Background information
- Origin: Miskolc, Hungary
- Genres: Celtic Punk, folk punk, punk rock
- Years active: 2008–present
- Labels: Napalm Records
- Members: Paddy O'Reilly (Kristóf Oravecz) Sam McKenzie (Sándor Szabó) Joey MacOnkay (Géza Maczonkai) Vince Murphy (Péter Takács) Seamus Connelly (Balázs Pongrácz)
- Past members: Sonny Sullivan Bernie Bellamy (Bernát Babicsek)
- Website: www.paddyandtherats.hu

= Paddy and the Rats =

Hungarian celtic punk band

Paddy and the Rats is a Celtic punk band from Miskolc, Hungary. The group was founded by Paddy O'Reilly (songwriter, vocals), Vince Murphy (bass) and Joey MacOnkay (electric guitar) in 2008. Seamus Connelly (drums), Sonny Sullivan (accordion) and Sam McKenzie (fiddle, Irish whistles, bagpipes, mandolin) later joined the group. The music is Irish and Celtic folk but they combine punk rock, sea shanties, and some Russian, Romani and polka elements.

In 2008, they released their first album Itz Only Pub 'n Roll, But I Like It.

In 2009, the band's second album Rats on Board was released. It was a big hit even outside Hungary, even winning second place in the album of the year poll from Celtic-rock portal. That same year, they were the most downloaded Hungarian band on iTunes.

In 2011, the third album from Paddy and the Rats was released titled, Hymns For Bastards, which was a more upbeat album.

In 2012, their fourth album, Tales From The Docks was released. In 2012, Sonny Sullivan left the band while Bernie Bellamy took his place.

On September 7, 2015, the fifth album, Lonely Hearts' Boulevard was released. Paddy stated that this album was more experimental and darker than their previous album and wanted a title that showed that. The title was also influenced by Green Day's "Boulevard of Broken Dreams".

On June 7, 2017, they released the sixth album Riot City Outlaws. They worked with the famous producer, Cameron Webb.

On January 12, 2018, they signed with Napalm Records.
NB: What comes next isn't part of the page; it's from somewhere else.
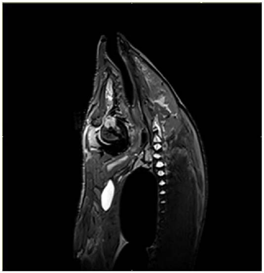 2.根据权利要求1所述的一种将鲤鱼磁共振扫描坐标转换为脑立体定位坐标的方法,其特征在于:步骤5中,将鲤鱼固定在磁共振成像仪的膝关节线圈内,鲤鱼呈俯卧位、头先进,进床前使磁共振扫描十字线对准颅脑中心;然后在定位项图像中确定矢状位扫描平面,扫描时,矢状位扫描平面与YOZ平面平行,矢状位成像MR获取方式为3D,成像序列选用T2WI快速自旋回波扫描序列,重复时间TR=750ms,回波时间TE=112ms,层厚=0.8mm,层数=

On January 1, 2022, they announced the death of accordionist Bernie Bellamy (Bernát Babicsek).

== Discography ==
=== Albums ===
- Itz Only Pub 'n Roll, But I Like It (2008)
- Rats on Board (2009)
- Hymns for Bastards (2011)
- Tales from the Docks (2012)
- Lonely Hearts' Boulevard (2015)
- Riot City Outlaws (2017)
- From Wasteland to Wonderland (2022)
- Lord of The Drinks (2024)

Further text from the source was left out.